* _What is required_
Your copy should match the entries exactly, with no images carried over.

* _Records supplied_
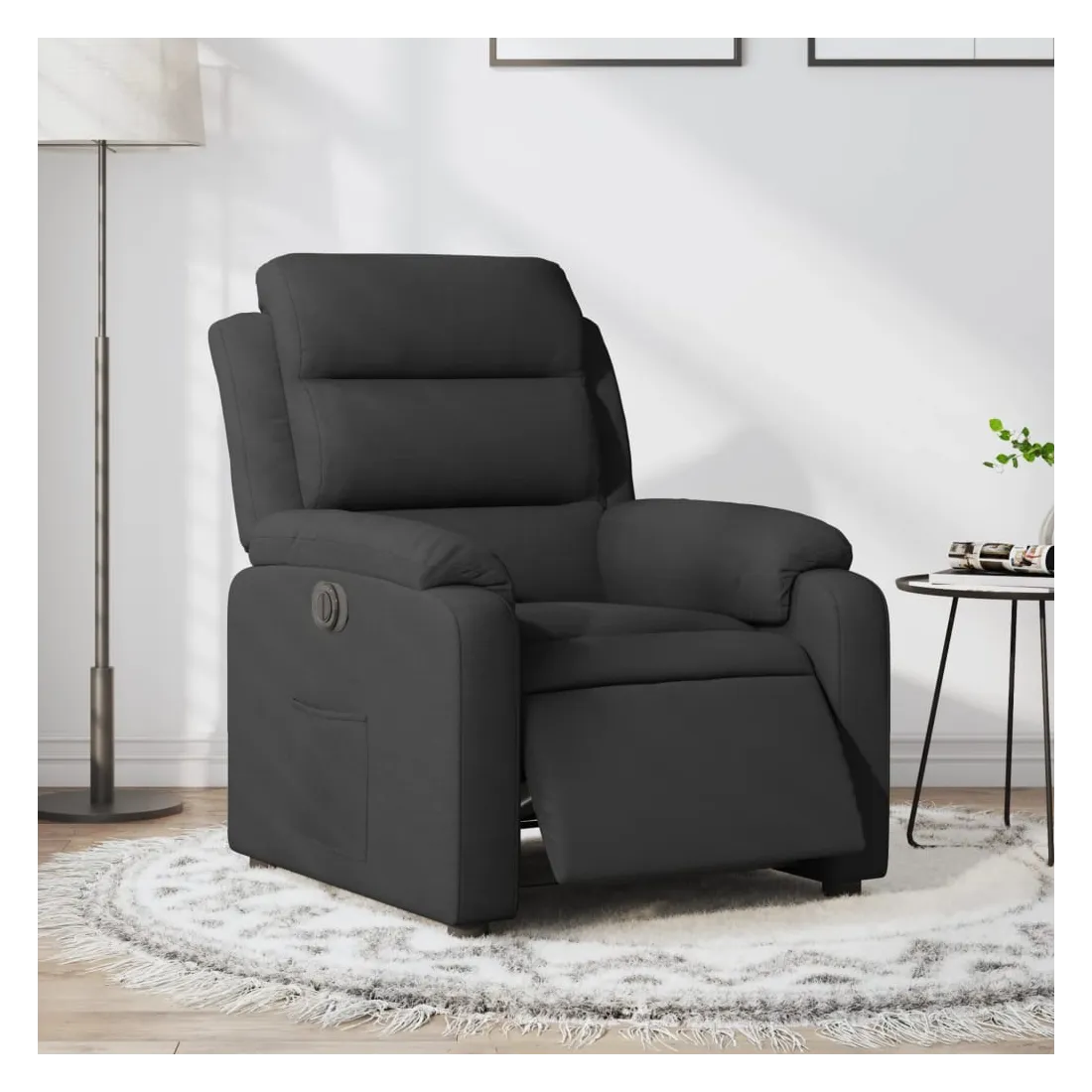 Asseyez-vous et détendez-vous dans ce fauteuil inclinable électrique très confortable ! Fonction d'inclinaison électrique : ce fauteuil inclinable est équipé d'un moteur électrique qui permet de régler automatiquement le repose-pied et le dossier dans n'importe quelle position, selon votre confort, en appuyant simplement sur le bouton situé sur le côté du fauteuil. Cette fonction permet une inclinaison maximale de 135 degrés. En outre, le dossier peut revenir automatiquement à sa position d'origine par une simple pression sur le bouton.Expérience d'assise confortable : le siège, le dossier et les larges accoudoirs bien rembourrés recouverts de tissu procurent une sensation confortable et chaleureuse, vous permettant de vous sentir enveloppé lorsque vous êtes assis. Le tissu présente un aspect simple et épuré et est respirant et durable.Poche latérale pratique : ce fauteuil est doté d'une poche latérale pour vous permettre de garder vos objets essentiels à portée de main.Cadre solide et stable : le cadre en bois et en métal offre une structure solide et une grande stabilité. Ce fauteuil inclinable est confortable et durable.
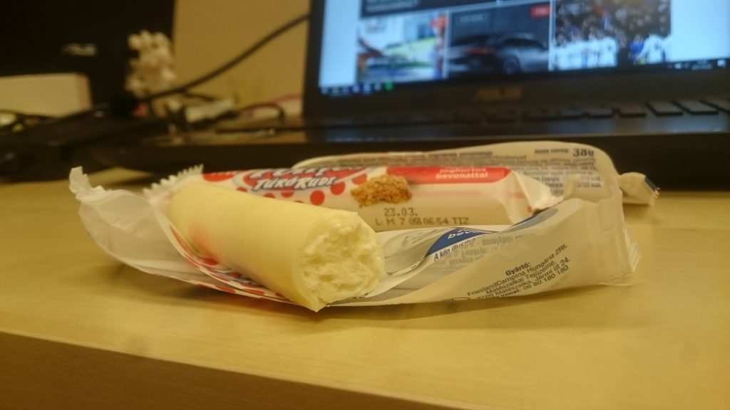 Magyarul az egész szerkesztőség áldását adta rá, tulajdonképpen mindenki rápörgött a Fitt Túró Rudira, továbbra is hívők maradtunk, sőt, örülünk az új jövevénynek, keblünkre öleljük, szívünkbe zárjuk, de azért továbbra is fájlaljuk, hogy nem a mogyoróvajas óriás Rudit állandósította a Pöttyös, ami egy bitang rossz ötlet volt, de hát elillant, porrá lett, nincs többé. A disznók elé vetették. Örökké gyászolni fogjuk. Vagy legalábbis addig, amíg vissza nem tér valamikor.
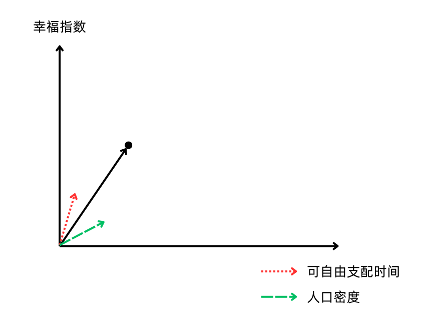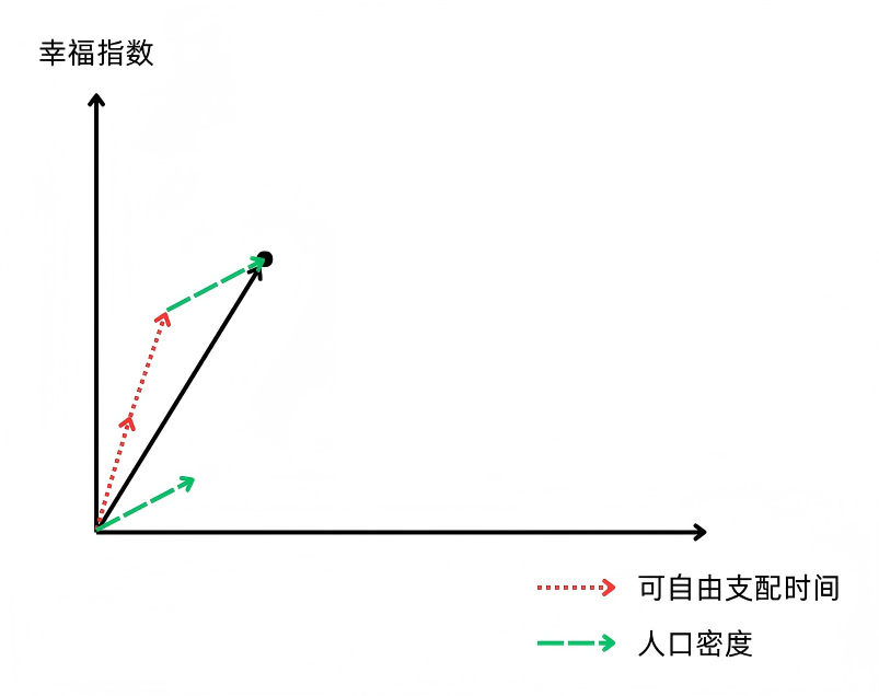 这里,“人口密度”和“可自由支配时间”两个因素,分别由两个斜率不同的向量箭头表示,长度均为1(这也叫单位向量)
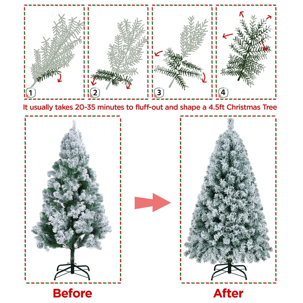 Easyfashion 4. 5 Ft Snow Frosted Christmas Tree Warm Lights, Green. Our frosted artificial Christmas tree comes with premium quality materials, for both fire-resistant and nice durability. PVC branches and tips are covered with white flocking snow, making it classic and traditional. A hinged system is easy to assemble with pre-fixed lights and branch position. A foldable stand can be placed and stored with less space taken.
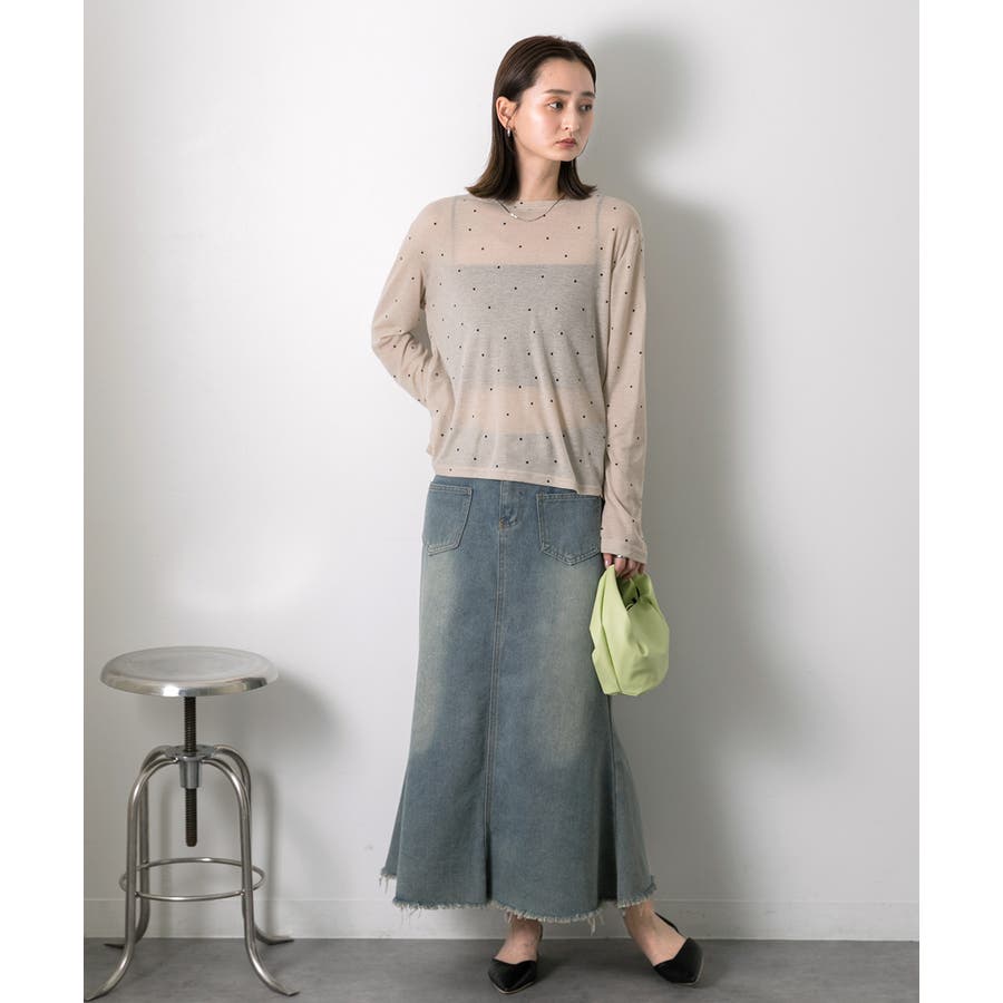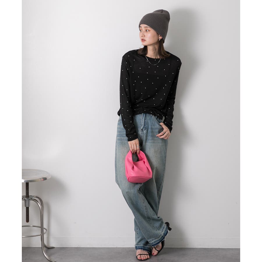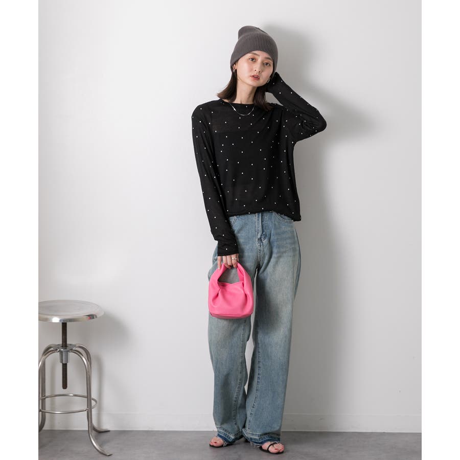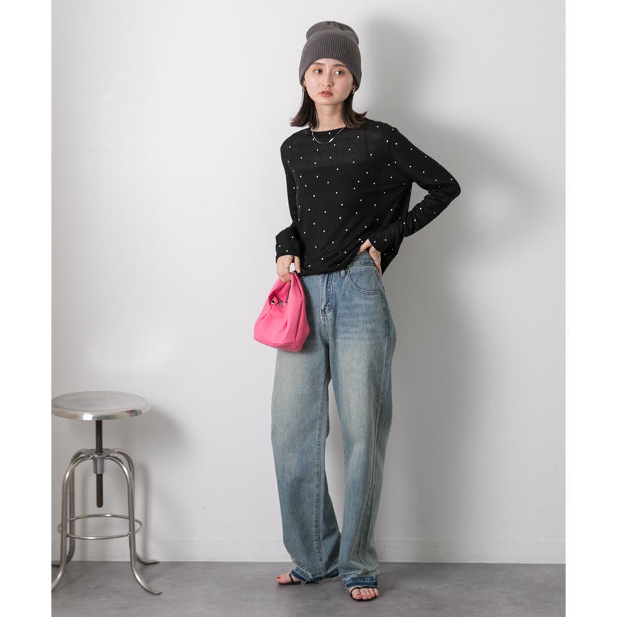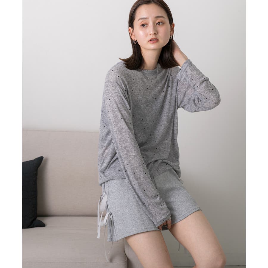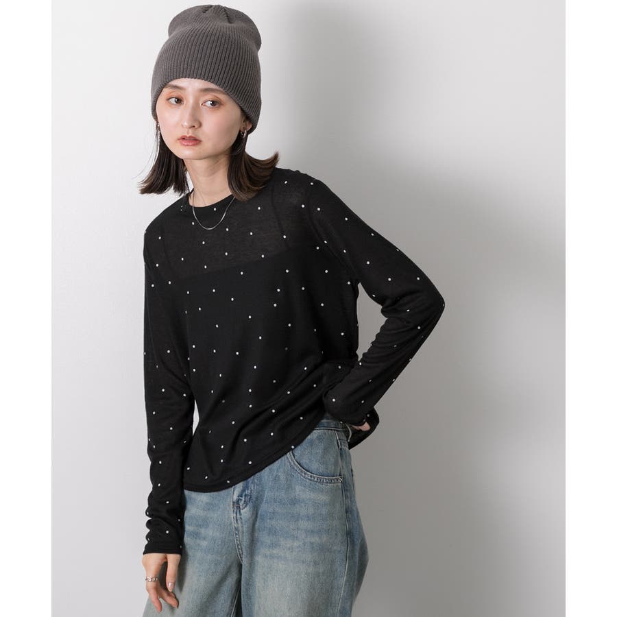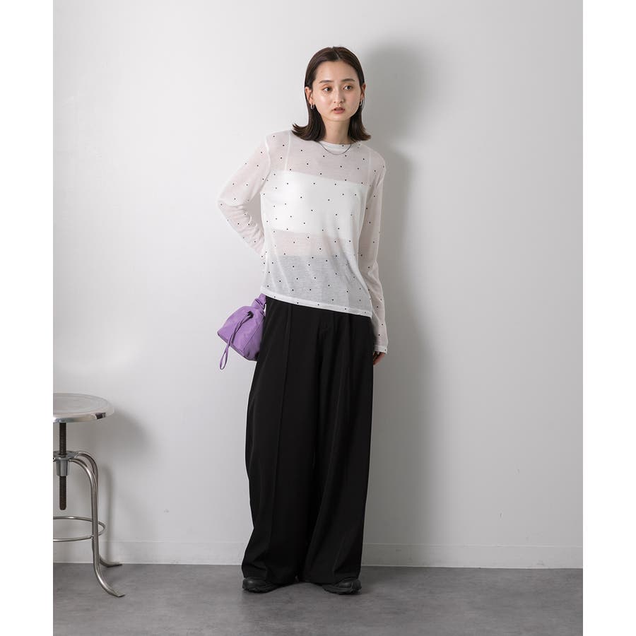 春 春コーデ 春ファッション 春服 冬 冬コーデ 冬ファッション 冬服 カジュアル カジュアルコーデ 大人 大人カジュアル オフィスカジュアル オフィス オフィスファッション オフィススタイル 韓国 韓国ファッション 韓国コーデ プチプラ プチプラファッション レディース Y2K 量産型 キレイめ 綺麗め きれい きちんと 長袖トップス ロンT ロングスリーブ シンプルロンT ドット ドット柄 ドットプリント 上品 楽 楽ちん ホーム ルームウェア ルーム オフホワイト 白 モクグレー ブラック 黒 ベージュ

* _Answer to the exercise_
 Asseyez-vous et détendez-vous dans ce fauteuil inclinable électrique très confortable ! Fonction d'inclinaison électrique : ce fauteuil inclinable est équipé d'un moteur électrique qui permet de régler automatiquement le repose-pied et le dossier dans n'importe quelle position, selon votre confort, en appuyant simplement sur le bouton situé sur le côté du fauteuil. Cette fonction permet une inclinaison maximale de 135 degrés. En outre, le dossier peut revenir automatiquement à sa position d'origine par une simple pression sur le bouton.Expérience d'assise confortable : le siège, le dossier et les larges accoudoirs bien rembourrés recouverts de tissu procurent une sensation confortable et chaleureuse, vous permettant de vous sentir enveloppé lorsque vous êtes assis. Le tissu présente un aspect simple et épuré et est respirant et durable.Poche latérale pratique : ce fauteuil est doté d'une poche latérale pour vous permettre de garder vos objets essentiels à portée de main.Cadre solide et stable : le cadre en bois et en métal offre une structure solide et une grande stabilité. Ce fauteuil inclinable est confortable et durable.
 Magyarul az egész szerkesztőség áldását adta rá, tulajdonképpen mindenki rápörgött a Fitt Túró Rudira, továbbra is hívők maradtunk, sőt, örülünk az új jövevénynek, keblünkre öleljük, szívünkbe zárjuk, de azért továbbra is fájlaljuk, hogy nem a mogyoróvajas óriás Rudit állandósította a Pöttyös, ami egy bitang rossz ötlet volt, de hát elillant, porrá lett, nincs többé. A disznók elé vetették. Örökké gyászolni fogjuk. Vagy legalábbis addig, amíg vissza nem tér valamikor.
 这里,“人口密度”和“可自由支配时间”两个因素,分别由两个斜率不同的向量箭头表示,长度均为1(这也叫单位向量)
 Easyfashion 4. 5 Ft Snow Frosted Christmas Tree Warm Lights, Green. Our frosted artificial Christmas tree comes with premium quality materials, for both fire-resistant and nice durability. PVC branches and tips are covered with white flocking snow, making it classic and traditional. A hinged system is easy to assemble with pre-fixed lights and branch position. A foldable stand can be placed and stored with less space taken.
 春 春コーデ 春ファッション 春服 冬 冬コーデ 冬ファッション 冬服 カジュアル カジュアルコーデ 大人 大人カジュアル オフィスカジュアル オフィス オフィスファッション オフィススタイル 韓国 韓国ファッション 韓国コーデ プチプラ プチプラファッション レディース Y2K 量産型 キレイめ 綺麗め きれい きちんと 長袖トップス ロンT ロングスリーブ シンプルロンT ドット ドット柄 ドットプリント 上品 楽 楽ちん ホーム ルームウェア ルーム オフホワイト 白 モクグレー ブラック 黒 ベージュ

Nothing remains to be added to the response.